USA Today Defeats Rebels

It was the game of the century!

Greg Blake Miller

Kentucky, it seems, has beaten UNLV in the finals of a national basketball tournament. This according to the USA Today website, which, as we know, contains all the news not fit to print. The tournament in question was called the Terrific 20, and was an exercise in the sort of speculative/delusional/participatory publishing that has replaced what was once called journalism. (We're not casting stones, folks; here at the Weekly, we love this stuff.) The Terrific 20 took all the NCAA champions since the tournament expanded to 64 teams and put them in a bracket (with UNLV's 1990 team inexplicably seeded 11th). Each "game" was determined on a best-of-three-votes basis, with one vote each from basketball pundits Mike Lopresti and Pete Simpkinson, and one from you, the American web surfer.
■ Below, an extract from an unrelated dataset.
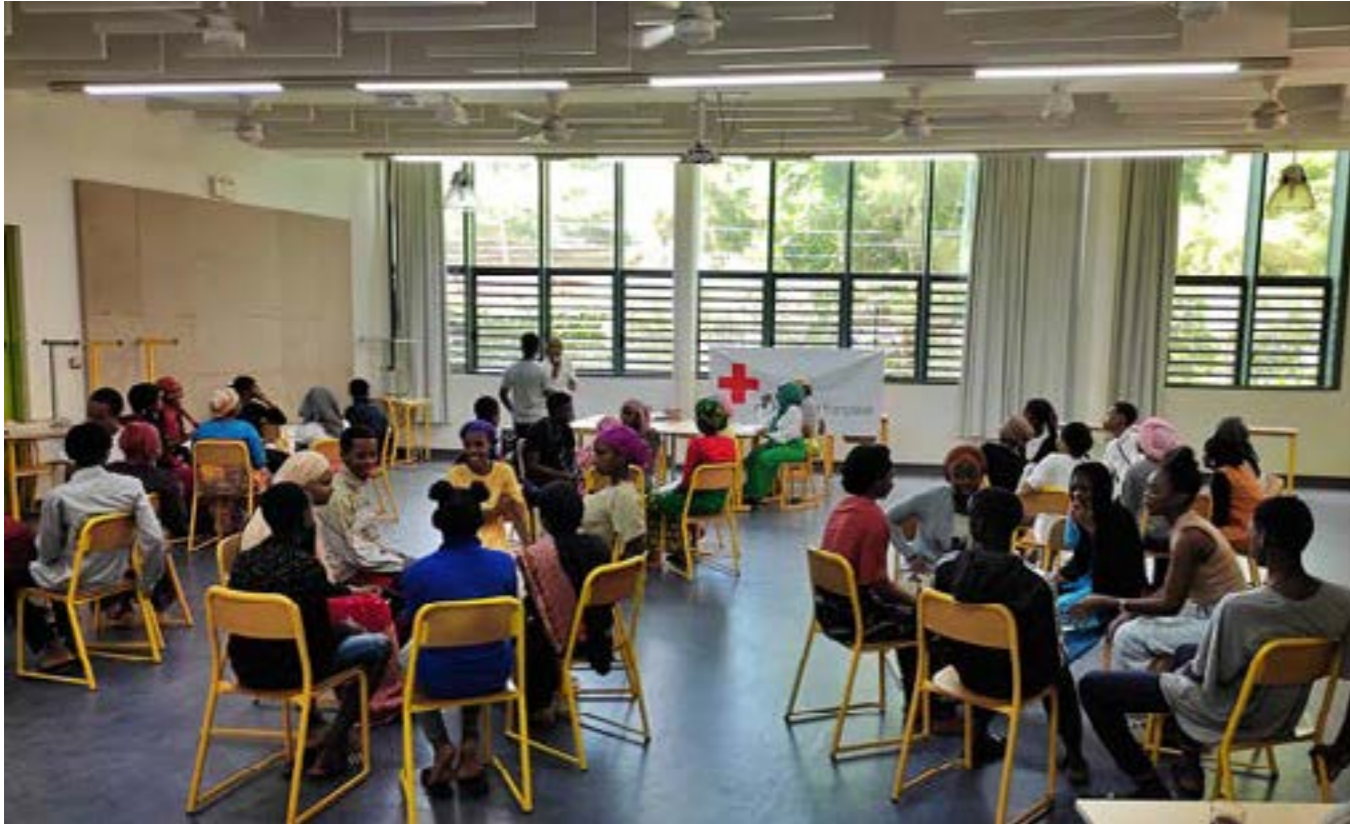
Un atelier axé autour de la santé sexuelle était organisé par la Croix-Rouge.

Dans le cadre de la journée mondiale de la santé, célébrée chaque année le 7 avril, le lycée de Dembéni, à Tsararano, était animé par une journée de sensibilisation et de prévention. Organisée par les élèves en première année du Brevet de technicien supérieur Services et prestations des secteurs sanitaire et social (SP3S), cette journée a permis sensibiliser aux enjeux de santé plus de 650 élèves de l'établissement.

The Rebels defeated—er, were elected over—the 1989 Michigan club in Round 1, North Carolina '93 in Round 2 and Duke '01 in the semifinals. Then came the big game against Kentucky's 1996 team, which, according to Lopresti, would defeat UNLV '90 with "swarming, relentless defense" and a "limitless supply of fresh legs," dictating a slower tempo and keeping the score low. Simpkinson, calling it "the best game that never was," speculated that Kentucky would not be intimidated the way so many Rebel opponents were in '89-'90 and would, with experienced guards, force UNLV into plenty of turnovers and neutralize the Rebels' hot-shooting two-guard, Anderson Hunt.


Web surfers, meanwhile, chose Kentucky by a margin of 65 percent to 35 percent, with a total of 4,314 votes.


Meanwhile, we here in Las Vegas have one thing to say about all this: Yeah, right.